Effects of the second phases on corrosion resistance of AZ91-xGd alloys treated with ultrasonic vibration

Abstract

The effects of the second phases on corrosion resistance of AZ91-xGd alloys treated with ultrasonic vibration were revealed by morphological observation, hydrogen evolution and weight loss methods, potentiodynamic polarization measurement, and electrochemical impedance spectroscopy. The addition of Gd led to the formation of many fine Al2Gd/Al–Mn–Gd particles that consumed Al and reduced the volume fraction of β-Mg17Al12 phase.

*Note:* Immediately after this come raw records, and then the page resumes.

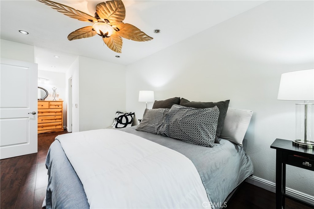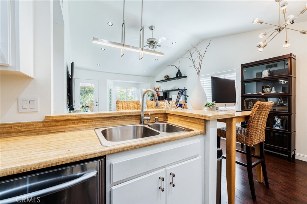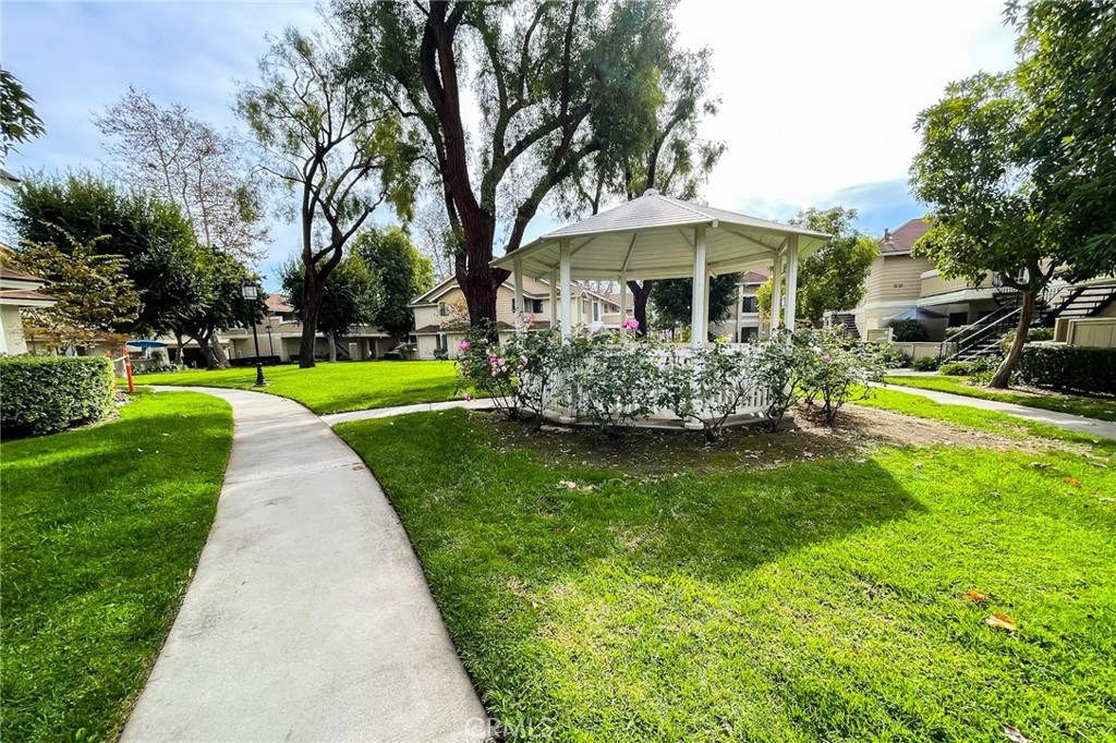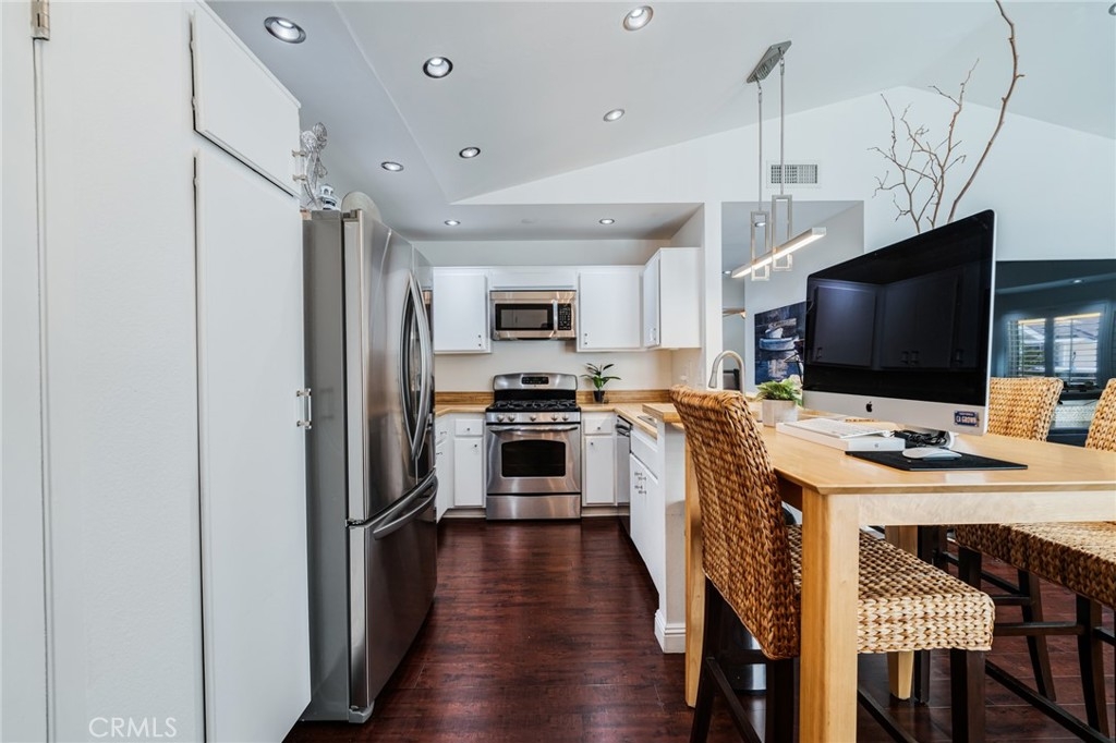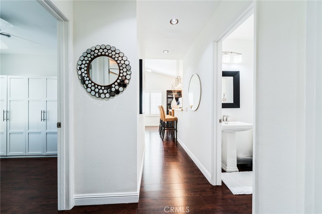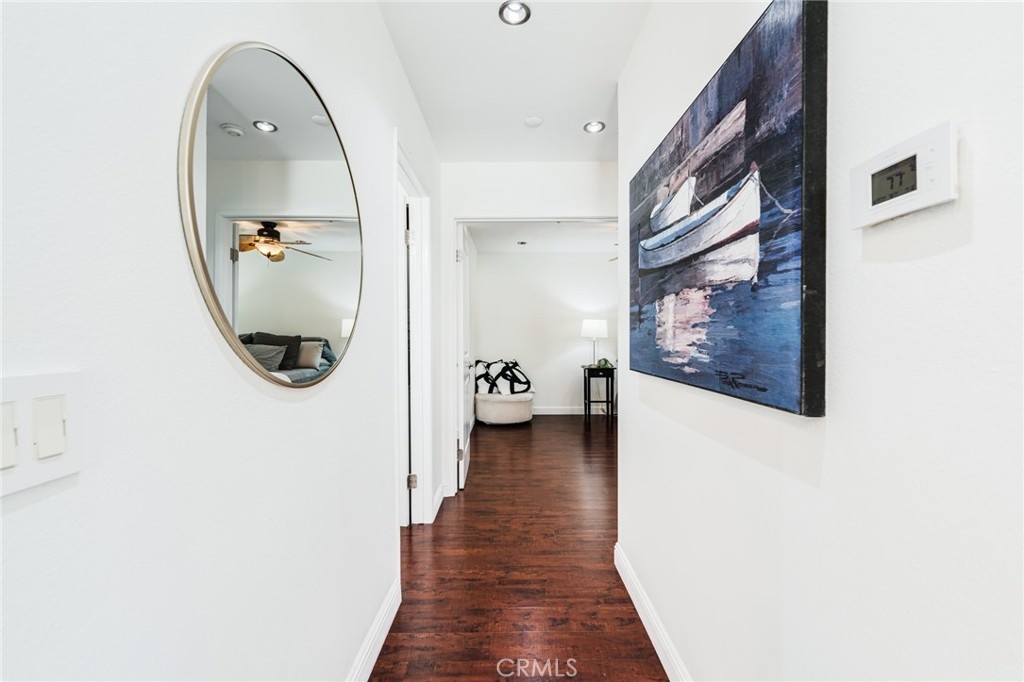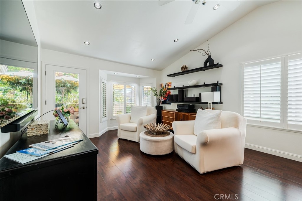 Turnkey Stanton home in the desirable CrossPointe Village Community! This community has a 24 hour security guard, it also boast 3 community pools and spas! Great entertainment for families in the Summer months! This Gorgeous end unit, offers 2 bedrooms and 1 bathroom. This open floor plan is ideal for entertaining and 1st time home buyers! The plan has cathedral ceilings, modern light fixtures, 4 inch baseboards, laminate flooring, recessed lighting, shutters throughout and ceiling fans in each room. The second bedroom can be used as an office or cozy loft area, perfect for reading. This home is conveniently located close to award winning schools, plenty of shopping and dining options, and only minutes away from the 22, 55 and 405 freeways. This property wont last!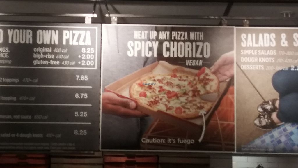 Serves meat, vegan options available. Assembly line concept pizzeria chain offering build-your-own personal size pies. Has vegan cheese, soy chorizo, gluten-free pizza base as well as salads. Choose a pizza base, sauce (marinara or hot red), veggies and toppings, and cheese, or get the pre-designed vegan pie. Reported that select locations offer a soy-based popcorn "chicken." The cinnamon bread is vegan by default. The cheesy bread needs to be ordered with the vegan cheese option. Open Mon-Sun 10:30am-10:30pm.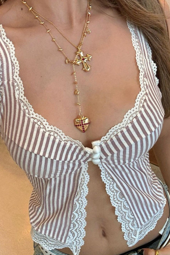 Sexy Ruffled Stripe Lace Tank Top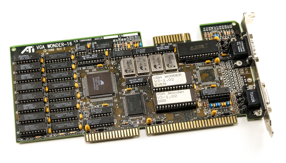 My dad and I would build and upgrade PCs from parts that we scrounged up at local computer expos. These events were typically held in the gymnasium of a local community college where rows and rows of vendors would be set up at folding tables, showing off their wares. Some of these were fancy booths, with vinyl printed signs but most felt more like a flea market with boards and parts thrown in to boxes and milk crates. You’d have to dig through them hoping to find something good like an ATI VGA Wonder graphics card with the bank of expansion memory on the left fully populated.
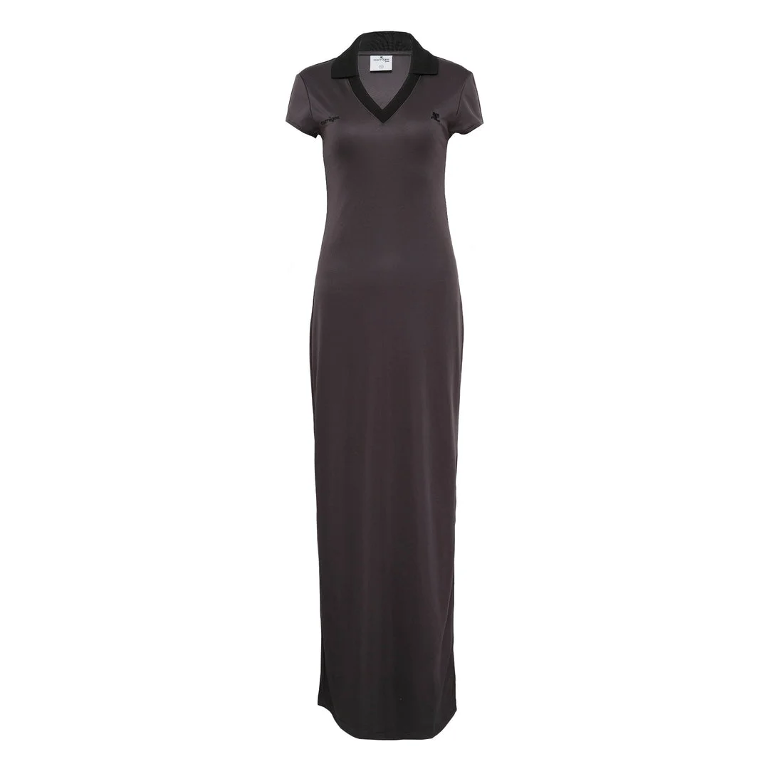 600079364BRN00M / 126JRO807JS0195/00/B214 - V-neck collar with contrast black trim - Short sleeves - Maxi length silhouette - Side seam construction - Technical fabric blend - Fitted bodice with flowing skirt - Signature Courreges logo detail The Courreges Sports Polo Long Dress delivers modern athletic elegance with sophisticated minimalist design. Crafted from premium technical fabric in charcoal gray, featuring the brand's signature V-neck collar with contrasting black trim. The streamlined silhouette and maxi length create effortless versatility for contemporary urban styling.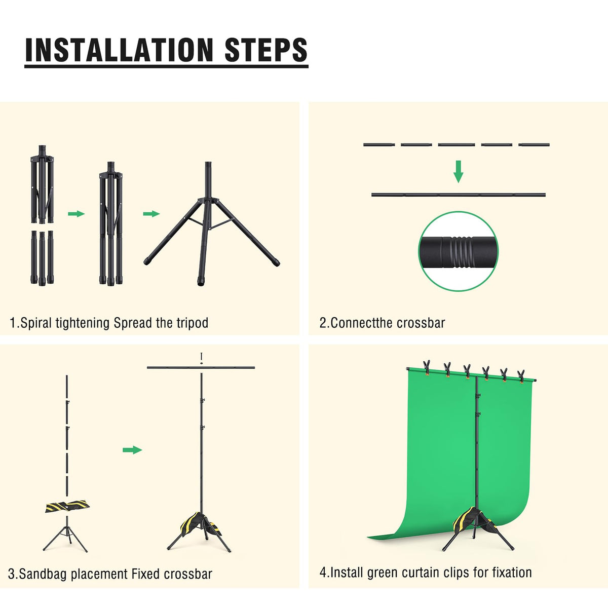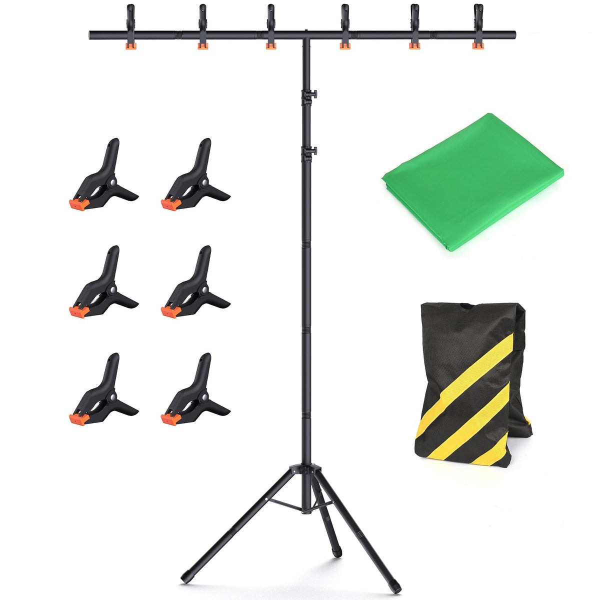 Q: What accessories are included with the backdrop kit?A: The kit includes 1 backdrop stand, 1 green screen, 6 spring clamps, 1 carry bag, and 1 sand bag, providing everything you need for your shoots.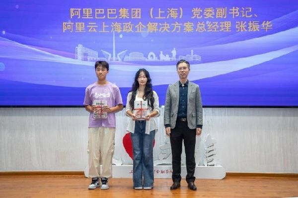 阿里巴巴集团(上海)党委副书记、阿里云上海政企解决方案总经理张振华向新生赠书,他希望新生们能积极参与AI创新大赛,通过学习尽快掌握了解AI发展趋势。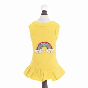 Dress your furry friend in style with our Colorful Cotton Rainbow Dress, perfect for special occasions or everyday wear. This beautiful dress features a vibrant yellow color and is made from soft, breathable cotton to keep your dog comfortable.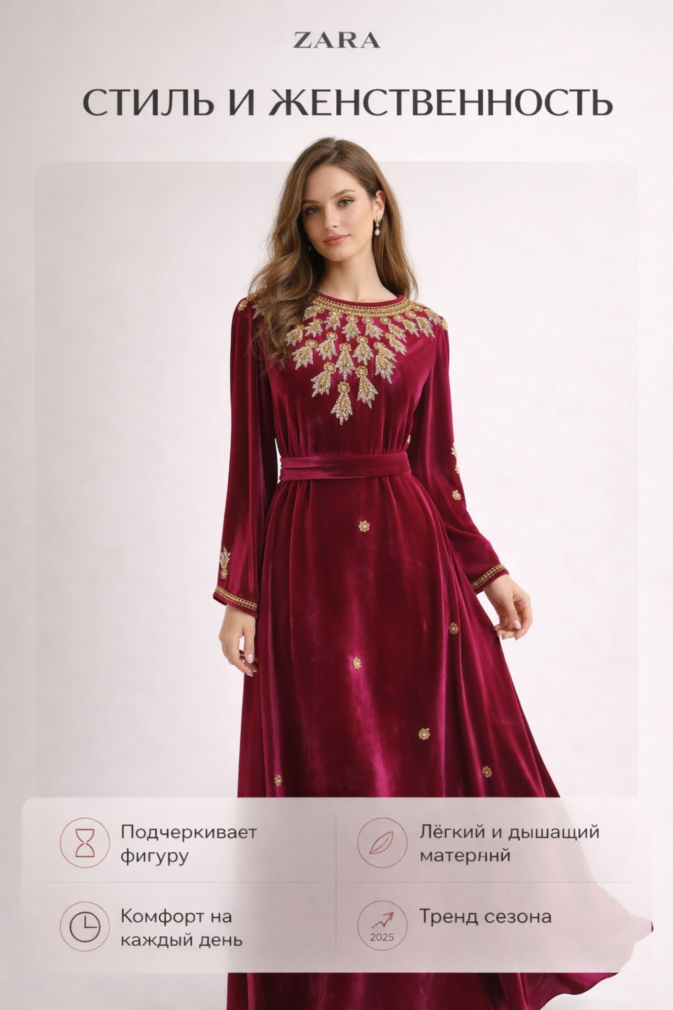 Акцент на талии создаёт изящный и женственный силуэт - Лёгкий и дышащий материал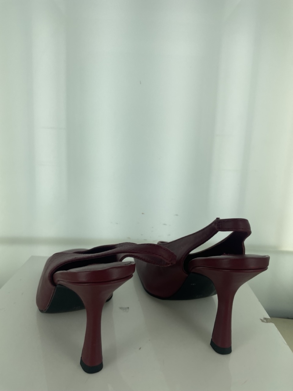 Berry matte leather heeled mules, featuring a square toe, stiletto heel and a slip on style design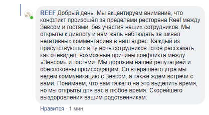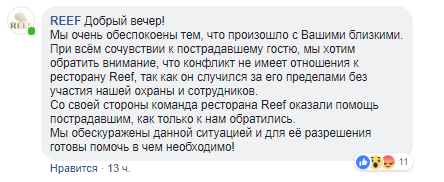 В комментариях к посту с заявлением выступили и представители ресторана. По информации REEF, конфликт к заведению отношения не имеет, он случился за его пределами и без участия охраны и сотрудников. Также сотрудники ресторана могут как очевидцы рассказать о конфликте между гостями и представителями "Зевса", а сам REEF готов оказать помощь семье пострадавшего.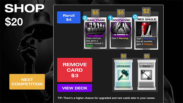 7、比赛胜利后会获得金币奖励,金币可用于购买新的训练卡牌,持续挑战更强的对手,向健身冠军的目标迈进。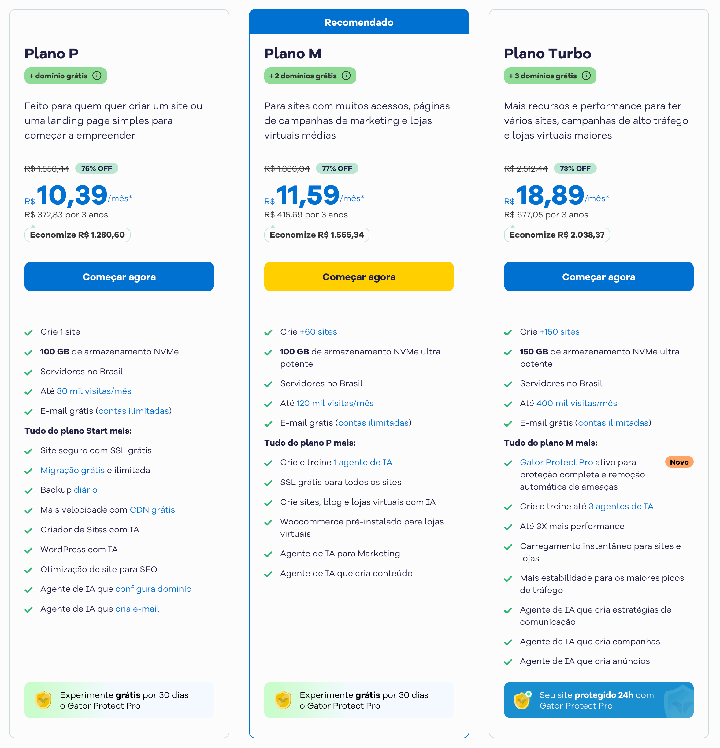 - Hospedagem P: ideal para sites institucionais, blogs ou de portfólio simples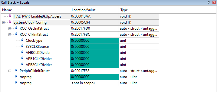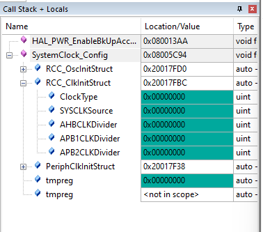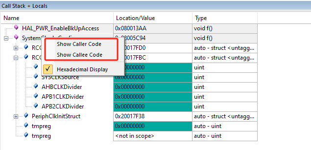 1)、在MDK Debug模式下,有一個Call Stack + Locals窗口,該窗口就是用于顯示當(dāng)前位于堆棧上的對象。對于使用RTX-RTOS的應(yīng)用程序,會顯示任務(wù)。每個對象都與其位置或值以及類型相關(guān)聯(lián)。當(dāng)前函數(shù)位于列表頂部,被調(diào)用函數(shù)位于其下方,并且還會顯示當(dāng)前函數(shù)的所有局部變量的信息。(如圖4-1)

Meanwhile, the β-Mg17Al12 phase morphology in ultrasound-treated AZ91-Gd alloys changed from semi-continuous reticular structure to rod-shaped and granular structure. The ultrasound-treated AZ91–1.0 wt% Gd alloy with fine granular β-Mg17Al12 phase and Al2Gd/Al–Mn–Gd particles showed better corrosion resistance than other ultrasound-treated alloys. Micro-galvanic corrosion was formed and rapidly extended to the matrix alloy interior along local coarser reticular β-Mg17Al12 phase, then causing localized serious corrosion. The finer and dispersed rod-shaped β-Mg17Al12 phase and Al2Gd/Al-Mn-Gd particles led to micro-galvanic corrosion uniformly distribute on the surface of alloys, and formed a uniform corrosion layer with 18 μm thickness.